#### INPUT DATA
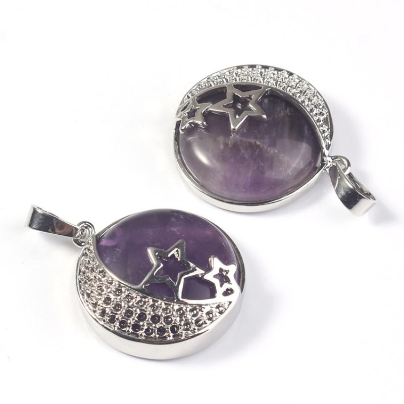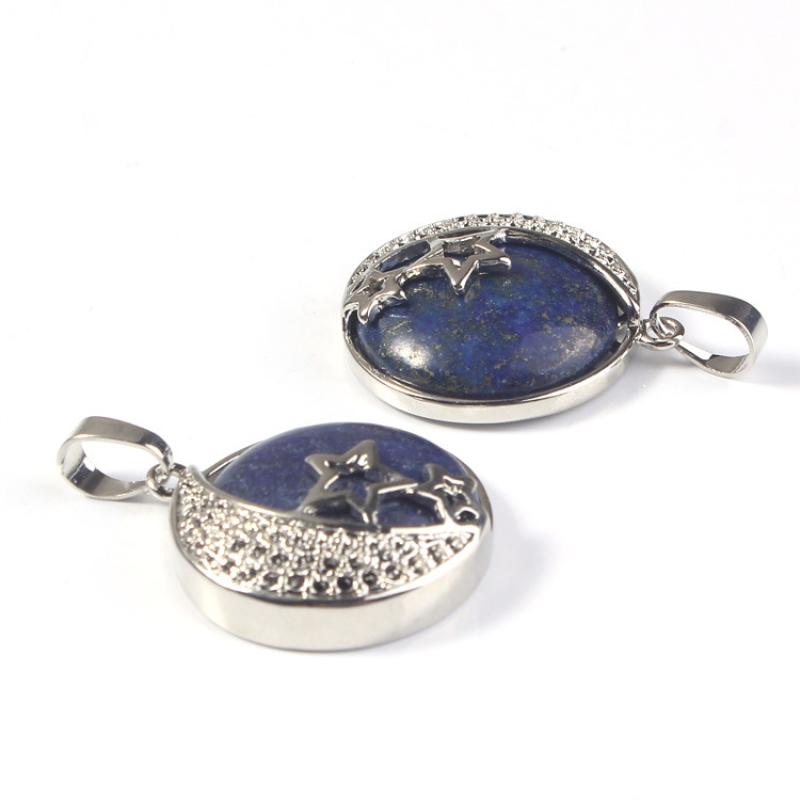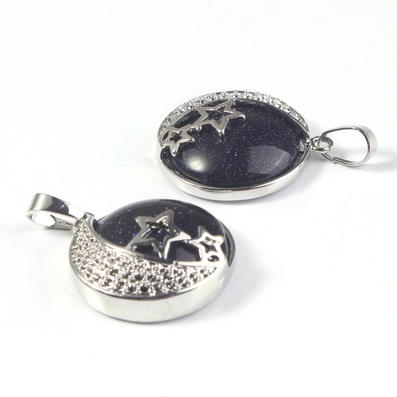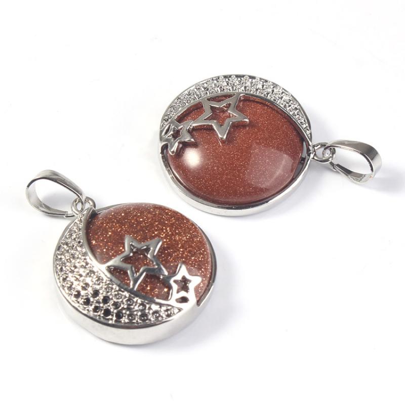 pierre gemme Pendentif, avec alliage de zinc, Rond, DIY & différents matériaux pour le choix, 53x31x10mm, Vendu par PC
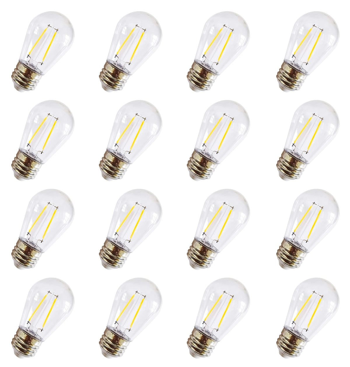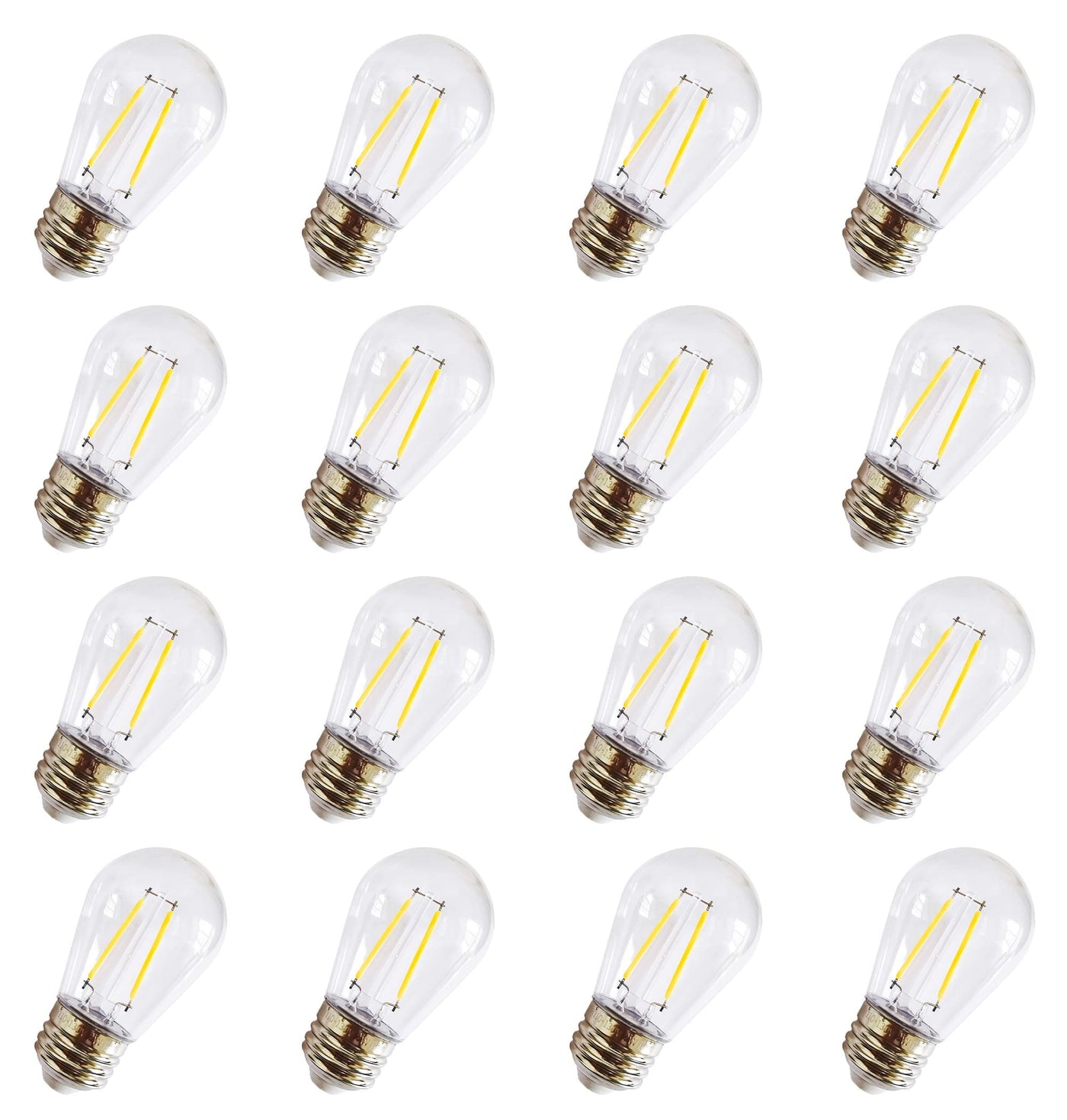 Rolay S14 Clear String Light Bulbs, 2W Plastic Led Replacement Bulbs For Outdoor Patio String Lights With E26 Base, Pack Of 16
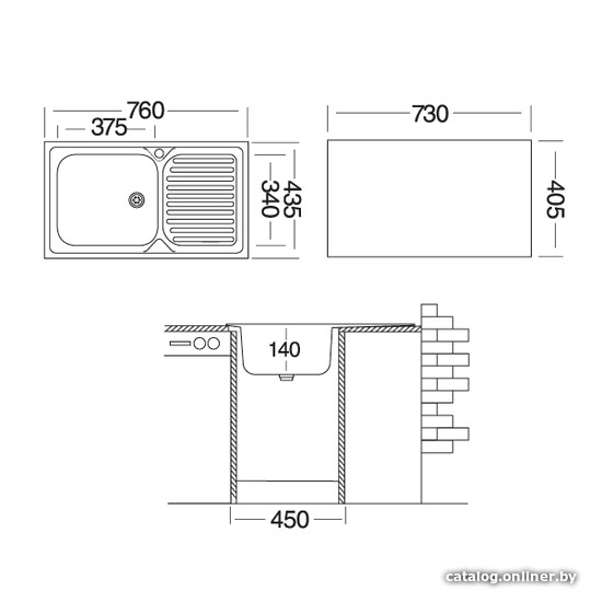 | Информация | Кухонная мойка из нержавеющей стали, врезная, с большой чашей и широким крылом. |
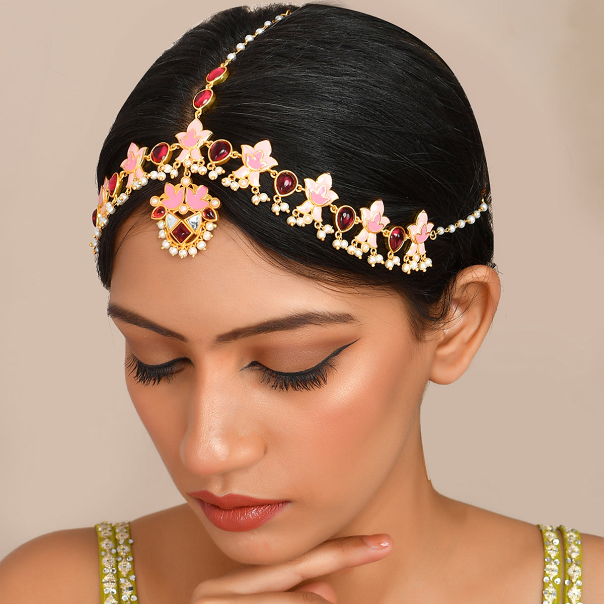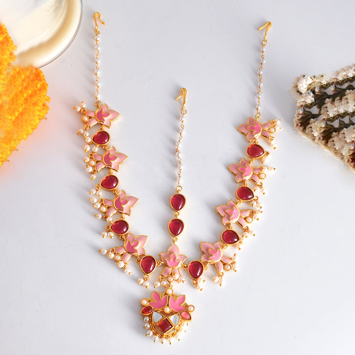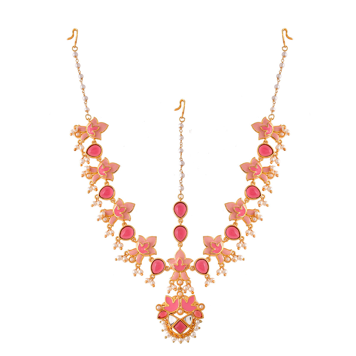 Forever More Pink Lotus Inspired Maang Tika
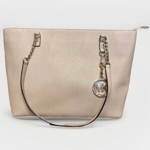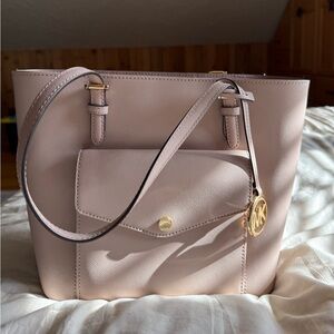 Authentic Michael Kors handbag with strap. Pink and beige. Overall condition is good. Normal wear and tear.
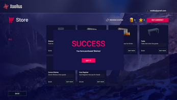 The Xsolla Web Shop is integrated directly inside the game as an in-app store and is not an external standalone shop. Players can access the store through the in-game menu to purchase currency, items, and bundles using the integrated system.
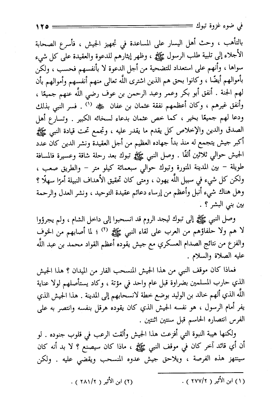 بالتأهب، وحث أهل اليسار على المساعدة في تجهيز الجيش، فأسرع الصحابة الأجلاء إلى تلبية طلب الرسول صلّى الله عليه وسلم، وظهر إيثارهم للدعوة والعقيدة على كل شيء سواها، وأنهم على استعداد للتضحية من أجل الدعوة لا بأنفسهم فحسب، ولكن بأموالهم أيضا، وكانوا بحق هم الذين اشترى الله تعالى منهم أنفسهم وأموالهم بأن لهم الجنة. أنفق أبو بكر وعمر وعبد الرحمن بن عوف رضي الله عنهم جميعا، وأنفق غيرهم، وكان أعظمهم نفقة عثمان بن عفان رضي الله عنه «1» . فسر النبي بذلك ودعا لهم جميعا بخير، كما خص عثمان بدعاء لسخائه الكبير. وتسارع أهل الصدق والدين والإخلاص كل يقدم ما يقدر عليه، وتجمع تحت قيادة النبي صلّى الله عليه وسلم أكبر جيش يتجمع له منذ بدأ جهاده العظيم من أجل العقيدة ونشر الدين كان عدد الجيش حوالي ثلاثين ألفا. وصل النبي صلّى الله عليه وسلم تبوك بعد رحلة شاقة وعسيرة فالمسافة طويلة- بين المدينة المنورة وتبوك حوالي سبعمائة كيلومتر- والطريق صعب، ولكن كل شيء في سبيل الله يهون، ومتى كان تحقيق الأهداف النبيلة أمرا سهلا؟
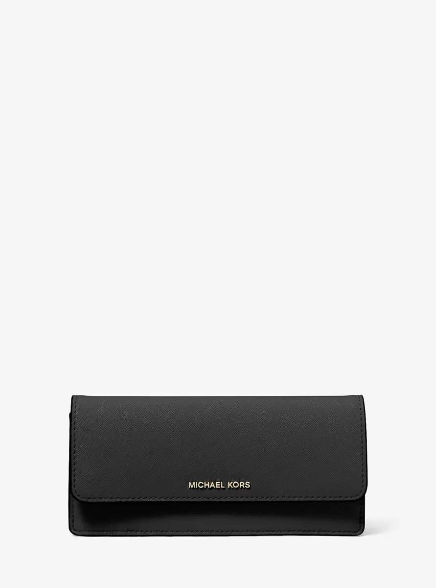 A timeless accessory day after day, year after year. In rich Saffiano leather, our Jet Set snap-front wallet has space to store all your essentials with multiple interior card slots and a zip pocket on the back. Slip it into your favorite bag, or use it as a clutch by carrying it solo.
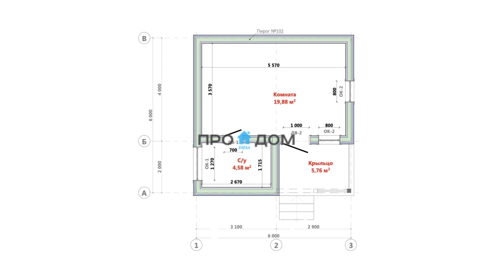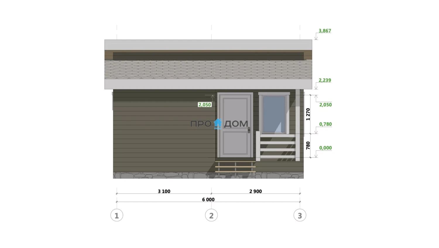 Каркасный одноэтажный дом ПО-201 – прекрасный объект для круглогодичного проживания. Снеговая/ветровая нагрузка уровня 1 этаж делает постройку надёжной в любую погоду. Площадь дома составляет 36 м², что позволит разместить всю необходимую мебель и предметы интерьера. Размеры дома 6.0 x 6.0 м экономят место на участке, чтобы вы могли освоить свободное пространство по своему вкусу.
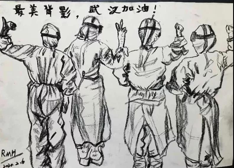 饒美華《最美背影 武漢加油》 上杭縣委文明辦供圖
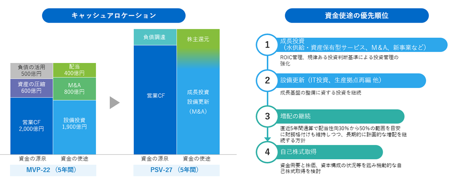 PSV-27計画以降も視野に入れ成長投資を優先して実施し、必要に応じて負債調達も検討します。また、株主還元を引き続き重視し、機動的な自己株式取得も検討します。
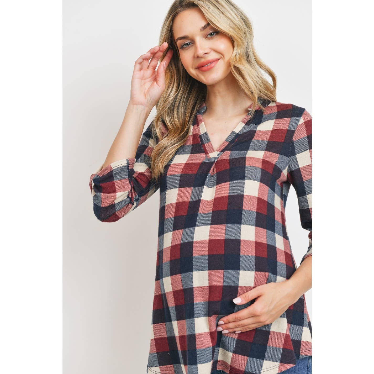 Introducing Portia—your new go-to maternity essential that's equal parts cozy and chic! This plaid and checker print hacci knit tunic features a flattering V-neck and easy 3/4 sleeves that work beautifully throughout your pregnancy and beyond. The soft, stretchy fabric moves with you while the playful print keeps things fun and stylish. Layer it, dress it up, or keep it casual—Portia adapts to your ever-changing bump with effortless grace and comfort.
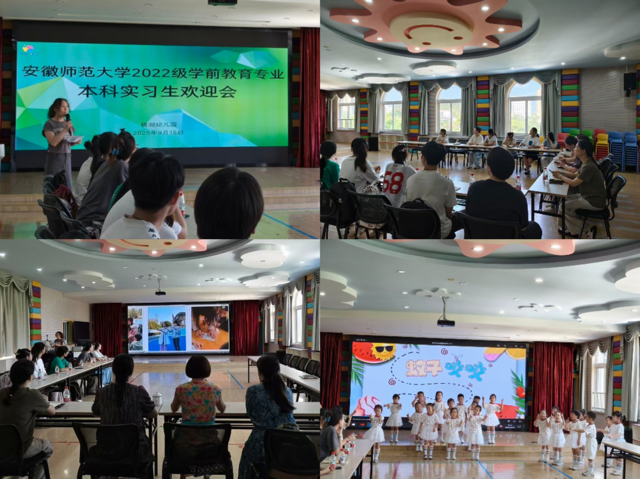许艳首先代表镜湖幼儿园全体师生,对安徽师范大学教科院赵学菊老师、张志华老师及9名本科生表示热烈欢迎,她表示幼儿园将全力为实习学生提供良好的学习与实践环境,助力大家在实习中收获成长。随后,大班幼儿带来欢迎节目《蚊子咬咬咬》,孩子们随着音乐翩翩起舞,灵动的舞姿、活泼的表情,赢得现场阵阵欢笑,也让实习学生感受到幼儿园师生的热情;紧接着,大家一同观看上届学长学姐的实习记录视频,视频中学长学姐们认真学习、积极实践的画面,为本届是师生提供了宝贵的实习参考,也让他们对未来的实习生活有了更清晰的认知。
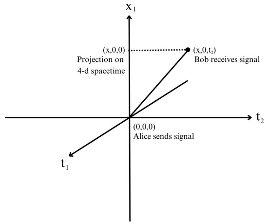 Consider the 2D spacetime [which represents our spacetime in which Alice and Bob make measurements]. In such a case, while observing the event, we will naturally assume that and conclude that and that the separation between the sending of a signal and the receiving of the signal is space-like and, hence, nonlocal. This is as though faster-than-light influence has taken place. However, in the 3D universe, the event is local and obeys special relativity.
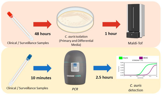 Diagnosing Candida auris infection presents challenges due to its non-specific clinical manifestations and resemblance in culture to other Candida species [11,12]. Furthermore, conventional diagnostic approaches, such as culture-based methods, are time-consuming and exhibit low sensitivity, particularly in patients with prior antifungal therapy. Matrix-assisted laser desorption/ionization time-of-flight mass spectrometry (MALDI-TOF MS) has emerged as a valuable tool for the rapid identification of C. auris [13,14], with the caveat that not all reference databases may allow for the accurate detection of C. auris species and strains from all its phylogenetic clades. Alternatively, molecular-based methods have demonstrated enhanced sensitivity and specificity in C. auris detection using polymerase chain reaction (PCR) and loop-mediated isothermal amplification (LAMP) assays, enabling direct detection of C. auris in a variety of clinical specimens such as blood, urine, respiratory secretions, or wound swabs [15,16].
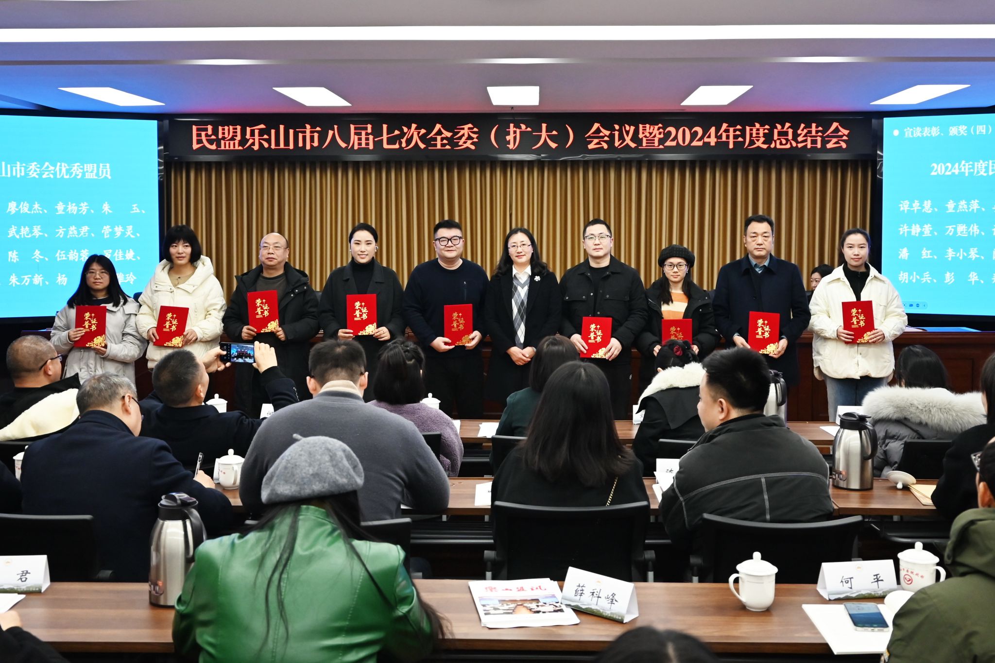 会议对2024年度乐山民盟先进基层组织、优秀盟员和先进个人进行表彰,举行了新盟员入盟仪式。
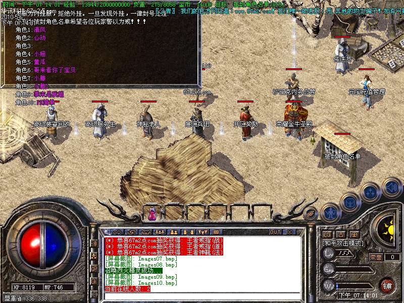 〖公告〗:非RMB得散人玩家注意了:你们可以去特殊地图打暗之怪物,可爆元宝,一般都是一个爆50,也会爆些逆火装备可以回收。有了300元宝就可以去雪域地图打逆火级和王者级装备,多的可以回收,在高级回收员那里,逆火5、王者20、金牛80并且有大量的经验哟。

#### WORK TO COMPLETE
What you return should be only the lines from the line with "会议对2024年度乐山民盟先" through the last line of the listing above, exactly, both ends included, pictures excluded.

#### ANSWER TO THIS PROBLEM
 会议对2024年度乐山民盟先进基层组织、优秀盟员和先进个人进行表彰,举行了新盟员入盟仪式。
 〖公告〗:非RMB得散人玩家注意了:你们可以去特殊地图打暗之怪物,可爆元宝,一般都是一个爆50,也会爆些逆火装备可以回收。有了300元宝就可以去雪域地图打逆火级和王者级装备,多的可以回收,在高级回收员那里,逆火5、王者20、金牛80并且有大量的经验哟。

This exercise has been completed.